Pictures must not appear; the answer is exactly the lines from the one that holds "s22從85%到45%,消耗" through the end of the material.

## Records shown
= = =

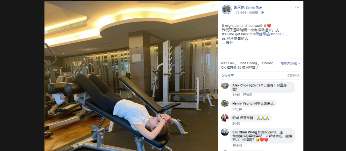 從施匡翹的社交平台所見,昨日還有上載去健身的照片,而她近一周曾與蔣嘉瑩、謝高晉及薛凱琪合照;當中是密切接觸者的蔣嘉瑩和謝高晉已去醫院接受快速測試,而蔣嘉瑩亦帶同兒子和工人姐姐一齊去做測試,暫時未有結果。
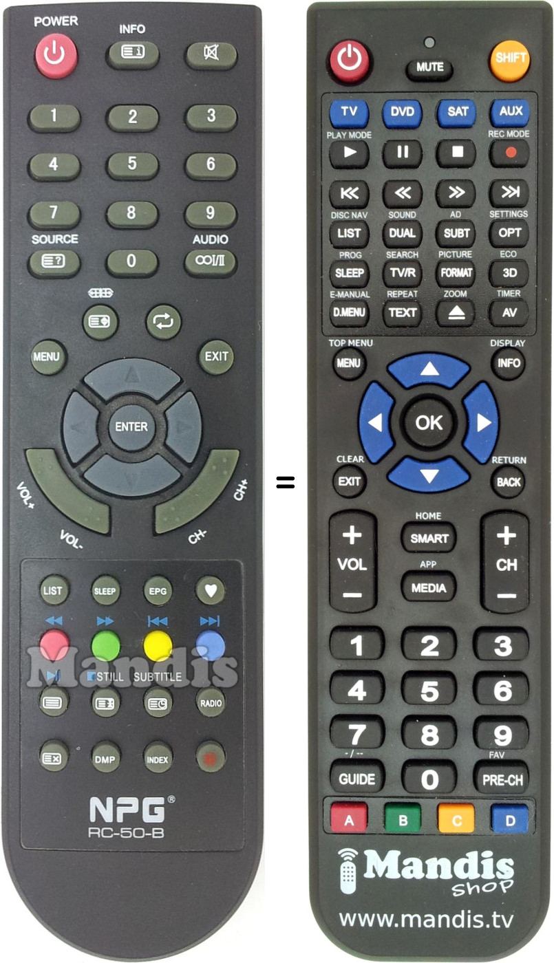 Início > Marcas > Comandos à Distância Npg > Controle remoto para Npg RC-50-B
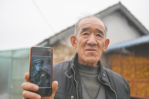 ◎ 十一月四日,七十四歲的遼寧省丹東市鳳城市賽馬鎮幸福村民楊樹武,盯著手機裡那張老照片,這是他父親楊忠貴,一位志願軍烈士。一九四七年,楊忠貴投身革命,後隨志願軍入朝作戰。一九五二年八月,廿四歲的楊忠貴犧牲在朝鮮戰場。那時的楊樹武尚在繈褓,從未與父親謀面。二0二五年十月廿五日,中國人民志願軍抗美援朝出國作戰七十五周年紀念日當天,退役軍人事務部公佈了在韓中國人民志願軍烈士遺骸鑒定工作的最新進展,八位志願軍烈士身份得到確認,其中就包括楊樹武的父親楊忠貴。圖為楊樹武展示手機裏父親的照片。(中新社記者 于海洋 攝)
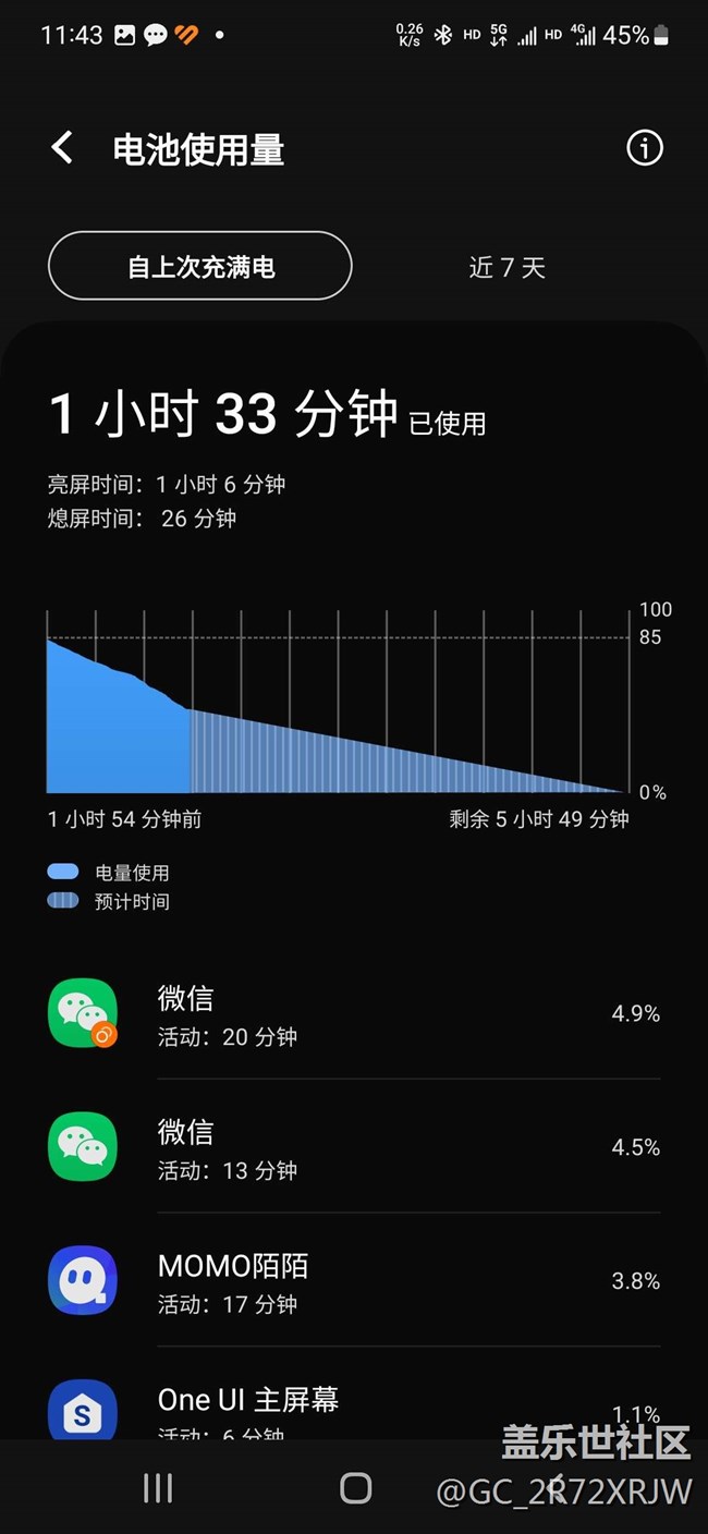 s22從85%到45%,消耗40%的電,續(xù)航兩個(gè)小時(shí),其中亮屏1.5小時(shí),排名的話估計(jì)能排到,發(fā)熱第一,續(xù)航倒數(shù)第一了吧
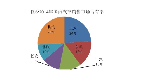 五、企业经济效益持续向好 2014年1~11月,17家重点企业(集团)累计完成工业总产值2.50万亿元,同比增长10.6%。累计实现主营业收入2.81万亿元,同比增长10.0%;完成利税总额4905.15亿元,同比增长8.6%。 六、大企业集团产业集中度进一步提高 2014年,6家汽车生产企业(集团)产销规模超过100万,其中上汽销量突破500万辆,达到558.37万辆,东风、一汽、长安、北汽和广汽分别达到380.25万辆、308.61万辆、254.78万辆、240.09万辆和117.23万辆。前6家企业(集团)2014年共销售汽车1859.33万辆,占汽车销售总量的79.2%,汽车产业集中度同比增长2.6%。

= = =

## Response for this exercise
 s22從85%到45%,消耗40%的電,續(xù)航兩個(gè)小時(shí),其中亮屏1.5小時(shí),排名的話估計(jì)能排到,發(fā)熱第一,續(xù)航倒數(shù)第一了吧
 五、企业经济效益持续向好 2014年1~11月,17家重点企业(集团)累计完成工业总产值2.50万亿元,同比增长10.6%。累计实现主营业收入2.81万亿元,同比增长10.0%;完成利税总额4905.15亿元,同比增长8.6%。 六、大企业集团产业集中度进一步提高 2014年,6家汽车生产企业(集团)产销规模超过100万,其中上汽销量突破500万辆,达到558.37万辆,东风、一汽、长安、北汽和广汽分别达到380.25万辆、308.61万辆、254.78万辆、240.09万辆和117.23万辆。前6家企业(集团)2014年共销售汽车1859.33万辆,占汽车销售总量的79.2%,汽车产业集中度同比增长2.6%。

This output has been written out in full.